There's a huge difference whether your analytical query is scanning full 30 GB or 1 GB (or maybe even half that or less if you need to scan just some columns).

antpls3 years ago

Wouldn't it be possible to create a new type of index in Postgres (or maybe it already exists) which would take all the data of a column and simply lays it out in columnar format in memory, with all the benefit of compression ?

GordonS3 years ago

I agree,l that it's never going to be as effective as something built from the ground up as a column store. But the performance and storage improvements can still be immense over standard Postgres. And if you're already using Postgres, it means one less service to configure and maintain, and means you can easily combine both standard relational data with columnar data. For a lot of folks, that a huge win.

dang3 years ago

Some past threads on that paper:

The design and implementation of modern column-oriented database systems - https://news.ycombinator.com/item?id=18076547 - Sept 2018 (42 comments)

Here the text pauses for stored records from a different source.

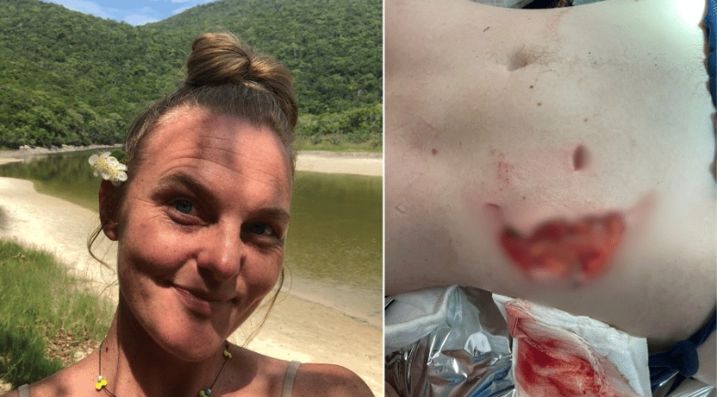 A vítima é a psicóloga e escritora Fabiana Lenz, que estava no segundo dia de um acampamento que realiza anualmente no local desde 2020. Segundo ela, o ataque aconteceu quando entrou na água para um último mergulho antes de deixar a praia.
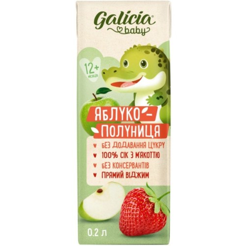 Сік, дитячий, Galicia, Baby, яблучнополуничний, з, м’якоттю, натуральний, 200, мл, 4820209564280
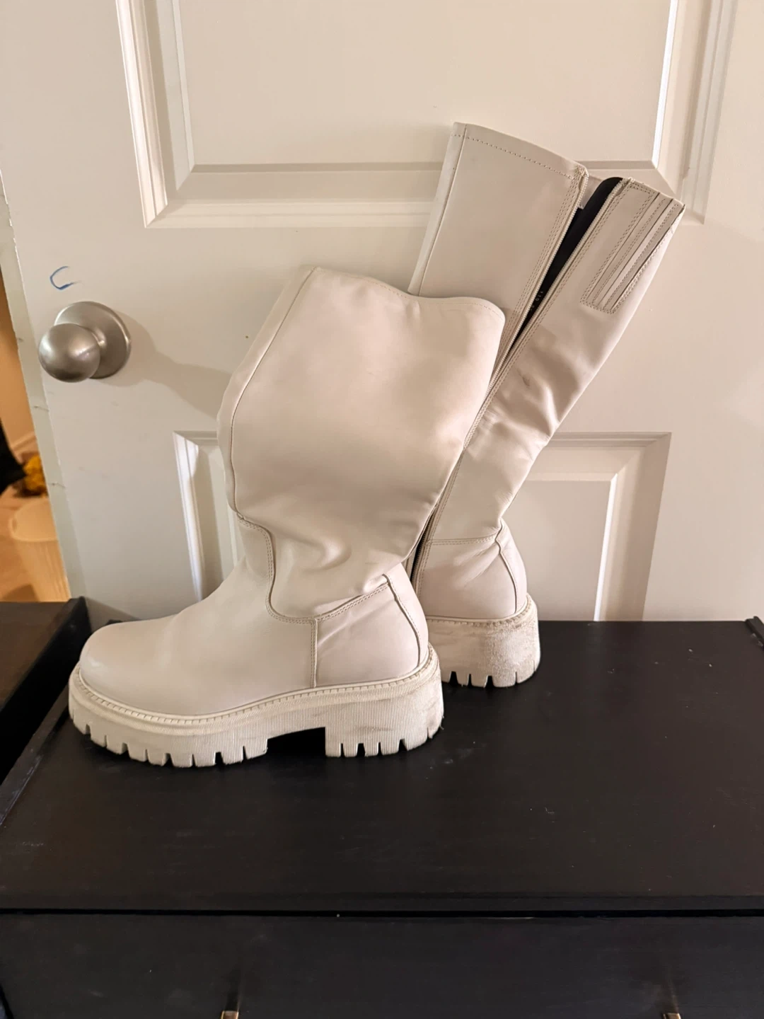 Cream white knee-high boots with a chunky platform sole. They feature a side zipper for easy wear. Material appears to be faux leather.
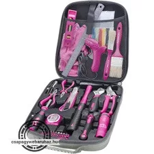 szerszámkészlet, 68db; Extol Lady, rózsaszín, fogó, csavarhúzók, kalapács, BIT-ek, melegragasztó pisztoly, LED-lámpa
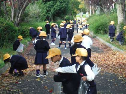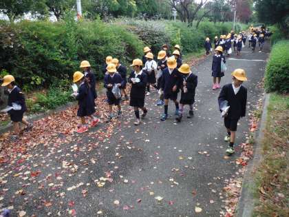 西淀川高校横の通りに行き、どんぐりや落ち葉を拾いました。その最中、「見て、見て、こんなにたくさん拾えたよ」「この葉っぱ、きれい?」と話しかけてくれました。愛育会の皆さんが、行き帰り及び現地での安全に努めてくださいました。ありがとうございました。
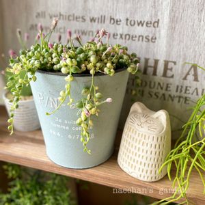 こんにちは〜ܾ ܾ 𖥧𓇣𖦥𖥧𖥣 朝から冷たい雨が降ってて、とっても寒いです⋆̩☂︎*̣̩ このかわいい、斑入りグリーンネックレスを見てやってくださ~い(*≧∀≦*)先週、園芸店で見かけて難しい子だから、どうしようσ( -ˇ.ˇ-。)ウーンと迷いに迷って.........お迎えしちゃいました(^_^;)置物のネコちゃんも斑入りのグリネをキレイだなぁって見てると思います🎶¨̮

Design and Implementation of Modern Column-Oriented Databases (2012) [pdf] - https://news.ycombinator.com/item?id=11803299 - May 2016 (9 comments)

teej3 years ago

One of the gotchas of columnar storage (coming from Redshift) is that you lose all of the compression benefits if you have just one column that’s fat or hard to compress.

In Redshift columns are stored in blocks. You want to fit roughly the same number of column values per block across all your columns. But if you have one column where a small number of values can fit in a block, the rest of the columns end up leaving most of the block space unused. The result is wasted disk space and poor query performance.

This Postgres extension has similar-sounding storage ideas with stripes, but it’s not clear to me if it suffers from the same issue.

My first test to vet this would be a table with 50 columns of ints and one column of md5 hashes stored as varchar.

jeff-davis3 years ago

In citus columnar, stripes/chunks are variable in size. If you have one large column that doesn't bloat the other columns.

teej3 years ago

Cool! So if I select two columns with a predicate in the first, does it scan all stripes for the second column?

jeff-davis3 years ago

Stripes aren't really "scanned". They are more of a logical concept that tracks where the physical data for each column is, and only fetches what it needs.

If I understand what you are asking, let me restate: "can you apply a predicate first on column A before reading column B, so that you can avoid reading column B if the predicate on A doesn't match?".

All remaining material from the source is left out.